Your assignment:
In the entries that follow, find the line containing "কক্সবাজার থেকে ফেরার" and the line containing "<시편>의 말씀을 따라 쓰며 바른 글씨체와 문학적 표현력을 함께 키웁니다.", then copy exactly everything from the first through the second except the pictures.

___ Input ___

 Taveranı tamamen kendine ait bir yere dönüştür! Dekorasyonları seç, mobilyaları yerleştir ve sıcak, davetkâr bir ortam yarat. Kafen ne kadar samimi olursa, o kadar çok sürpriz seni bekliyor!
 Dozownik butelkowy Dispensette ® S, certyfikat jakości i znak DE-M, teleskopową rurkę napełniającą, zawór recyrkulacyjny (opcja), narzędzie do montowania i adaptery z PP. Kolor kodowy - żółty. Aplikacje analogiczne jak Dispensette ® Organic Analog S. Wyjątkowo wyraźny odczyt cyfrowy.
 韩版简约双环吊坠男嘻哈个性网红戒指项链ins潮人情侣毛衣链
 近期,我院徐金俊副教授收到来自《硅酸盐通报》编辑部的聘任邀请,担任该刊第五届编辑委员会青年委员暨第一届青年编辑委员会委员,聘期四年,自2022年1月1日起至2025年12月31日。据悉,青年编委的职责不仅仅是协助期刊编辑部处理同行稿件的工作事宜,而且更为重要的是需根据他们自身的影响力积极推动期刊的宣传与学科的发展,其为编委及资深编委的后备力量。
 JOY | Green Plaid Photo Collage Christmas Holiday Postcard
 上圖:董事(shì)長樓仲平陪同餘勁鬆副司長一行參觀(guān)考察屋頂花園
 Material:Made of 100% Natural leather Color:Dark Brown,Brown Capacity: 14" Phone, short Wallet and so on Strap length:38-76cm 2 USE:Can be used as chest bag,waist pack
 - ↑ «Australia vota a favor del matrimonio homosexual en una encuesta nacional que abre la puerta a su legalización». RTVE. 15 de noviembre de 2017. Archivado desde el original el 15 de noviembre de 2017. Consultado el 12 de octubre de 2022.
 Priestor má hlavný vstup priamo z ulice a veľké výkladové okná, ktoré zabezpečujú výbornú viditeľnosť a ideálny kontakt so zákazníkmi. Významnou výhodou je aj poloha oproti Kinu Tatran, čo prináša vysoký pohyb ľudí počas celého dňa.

___
___ Input ___

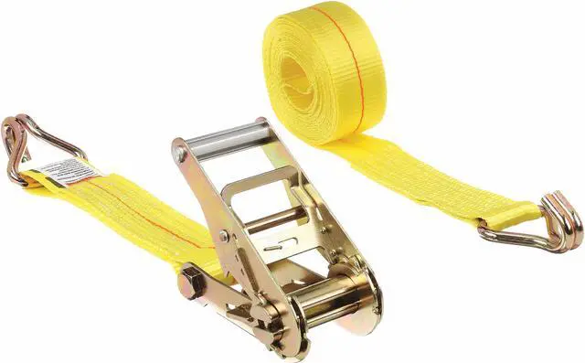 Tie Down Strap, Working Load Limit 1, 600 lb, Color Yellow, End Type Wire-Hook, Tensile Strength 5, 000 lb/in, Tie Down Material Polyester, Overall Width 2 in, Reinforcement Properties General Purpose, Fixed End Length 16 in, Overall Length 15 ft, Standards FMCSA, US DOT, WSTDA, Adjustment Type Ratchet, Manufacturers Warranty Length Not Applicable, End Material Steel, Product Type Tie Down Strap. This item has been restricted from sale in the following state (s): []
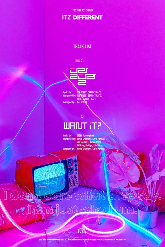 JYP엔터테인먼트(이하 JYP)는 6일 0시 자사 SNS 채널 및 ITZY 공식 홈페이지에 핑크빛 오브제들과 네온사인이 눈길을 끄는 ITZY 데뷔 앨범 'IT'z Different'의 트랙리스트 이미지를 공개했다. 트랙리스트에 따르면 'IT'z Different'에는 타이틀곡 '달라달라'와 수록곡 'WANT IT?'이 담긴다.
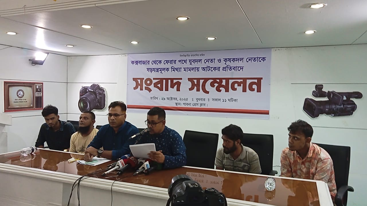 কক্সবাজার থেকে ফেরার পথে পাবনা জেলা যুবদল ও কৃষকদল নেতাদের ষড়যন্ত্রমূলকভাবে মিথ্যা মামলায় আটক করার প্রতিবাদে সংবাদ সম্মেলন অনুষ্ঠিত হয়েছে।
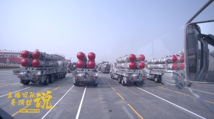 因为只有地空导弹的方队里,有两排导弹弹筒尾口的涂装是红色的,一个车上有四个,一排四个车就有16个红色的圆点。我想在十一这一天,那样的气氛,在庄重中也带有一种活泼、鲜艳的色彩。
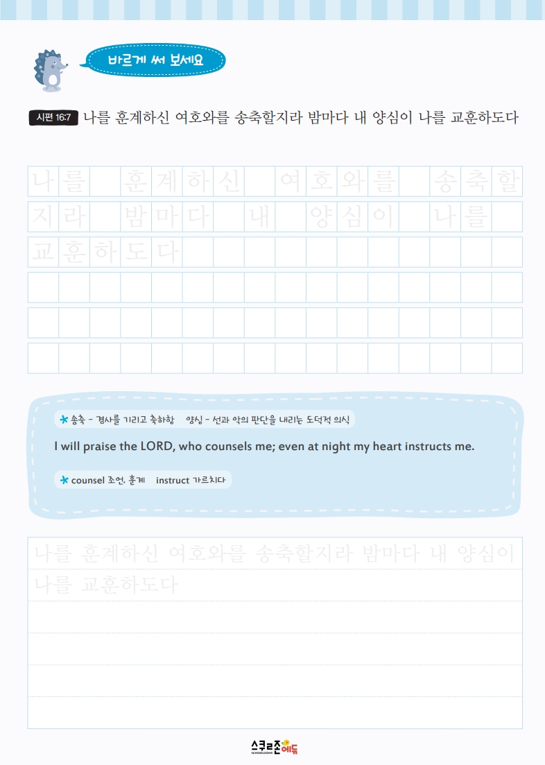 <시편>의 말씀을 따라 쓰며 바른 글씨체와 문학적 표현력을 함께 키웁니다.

___

Written answer:
 কক্সবাজার থেকে ফেরার পথে পাবনা জেলা যুবদল ও কৃষকদল নেতাদের ষড়যন্ত্রমূলকভাবে মিথ্যা মামলায় আটক করার প্রতিবাদে সংবাদ সম্মেলন অনুষ্ঠিত হয়েছে।
 因为只有地空导弹的方队里,有两排导弹弹筒尾口的涂装是红色的,一个车上有四个,一排四个车就有16个红色的圆点。我想在十一这一天,那样的气氛,在庄重中也带有一种活泼、鲜艳的色彩。
 <시편>의 말씀을 따라 쓰며 바른 글씨체와 문학적 표현력을 함께 키웁니다.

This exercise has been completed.